### ASSIGNED TASK
Only the pictures stay out; every record is to be quoted exactly.

### Stored records
________________________________________

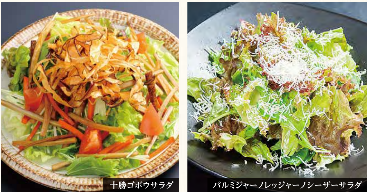
十勝ゴボウサラダ
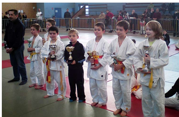
Le dimanche 6 décembre 2009, 180 judokas de 4 à 15 ans issus de 14 clubs ornais se sont retrouvés à Sées pour un tournoi entre Alençon, Sées, Argentan et Courtomer. La journée s'est passée dans la bonne humeur et le respect de l'adversaire.
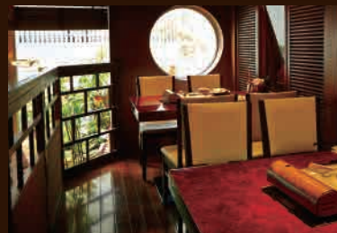
コテージ風高床のお席 / 8名様までご利用可能 少人数でのお誕生日会などに
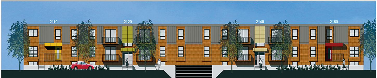
BÂTIMENT 4 - RUE WORKMAN

Vos commentaires nous ont permis d'ajouter les éléments suivants aux travaux :
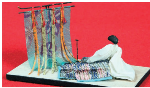
第九十一番 後京極摂政前太政大臣 「きりぎりす 鳴くや霜夜の さむしるに 衣かたしき ひとりかも寝む」

________________________________________

### RESULT FOR THIS EXERCISE
十勝ゴボウサラダ
Le dimanche 6 décembre 2009, 180 judokas de 4 à 15 ans issus de 14 clubs ornais se sont retrouvés à Sées pour un tournoi entre Alençon, Sées, Argentan et Courtomer. La journée s'est passée dans la bonne humeur et le respect de l'adversaire.
コテージ風高床のお席 / 8名様までご利用可能 少人数でのお誕生日会などに
BÂTIMENT 4 - RUE WORKMAN

Vos commentaires nous ont permis d'ajouter les éléments suivants aux travaux :
第九十一番 後京極摂政前太政大臣 「きりぎりす 鳴くや霜夜の さむしるに 衣かたしき ひとりかも寝む」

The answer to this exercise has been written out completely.